He tends his flock like a shepherd: He gathers the lambs in his arms and carries them close to his heart;
he gently leads those that have young
. {Isaiah 40:11}

11 May 2011

Short and Sweet {Tea, that is}

In our family, few things are as refreshing on hot days as sweet tea.
Yes, we Northerners get excited enough about sweet tea to talk about it like it's not part of our way of life.
Silly, I know.
Hubs LOVES Mc-E-Dee's sweet tea though we are both partial to Chick-Fil-A's brew.
{oh, chick-fill-uh... we miss you! ... waffle fries...}
ANYWAY... the stinker about both of those recipes is that they're IN-SANELY sweet. Like, crazy, you can chew it, sweet.
At home, we tone it down a lot.
My mom taught me to make it with 2 cups of sugar per gallon.At this point you still need to brush your teeth after consuming.
Since I've been working to cut WAY back on the sugar consumption of our family I weaned us down to 1 cup per gallon last year and even less this year.
So here's how we do it...

For one gallon of tea, open, de-tag, and tie together 5 Lipton tea bags (I guess you could use whatever tea you like, flavored or fancy but I definitely do not recommend Red Rose tea for this.
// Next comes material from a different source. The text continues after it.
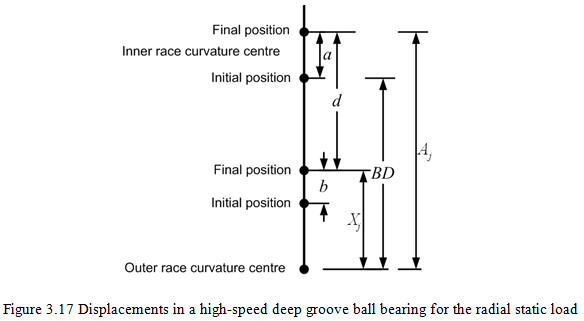 Figure 3.17 shows the displacement of a ball bearing due to a radial loading. Under no load centers of raceway groove curvatures are separated by a distance BDb, i.e. (fo + fi -1)Db, where fo = ro/Db and fi = rii/Db. Distances a is given by δr cosψj, b =δoj and d = (fi - 0.5)Db + δij, where δr is the radial displacement of the bearing, δij and δoj are contact deformations at the inner and outer raceways, respectively, of jth rolling element at azimuth angle of ψj.

We find it just plain yucky!)
Boil approximately 4 cups of water and pour into your pitcher.
Add 3/4 c refined sugar. {If you use organic sugar or sugar in the raw, you'll need more as "natural" sugars tend to be less sweet than refined. I would imagine the same goes for Rapedura or Sucanat though I've never tried them.}
Stir until sugar is dissolved and let steep for at least 5 minutes. I usually forget and leave it for at least half an hour.
Remove bags and squeeze out excess water.
Add enough cold water to fill the pitcher and chill in the fridge for a couple of hours or add ice and serve immediately.

1 comment:

  1. My husband is from Arkansas and has taken a liking to sweet tea as of late. He uses lipton, too. I'm more of a coffee girl, but the tea is growing on me.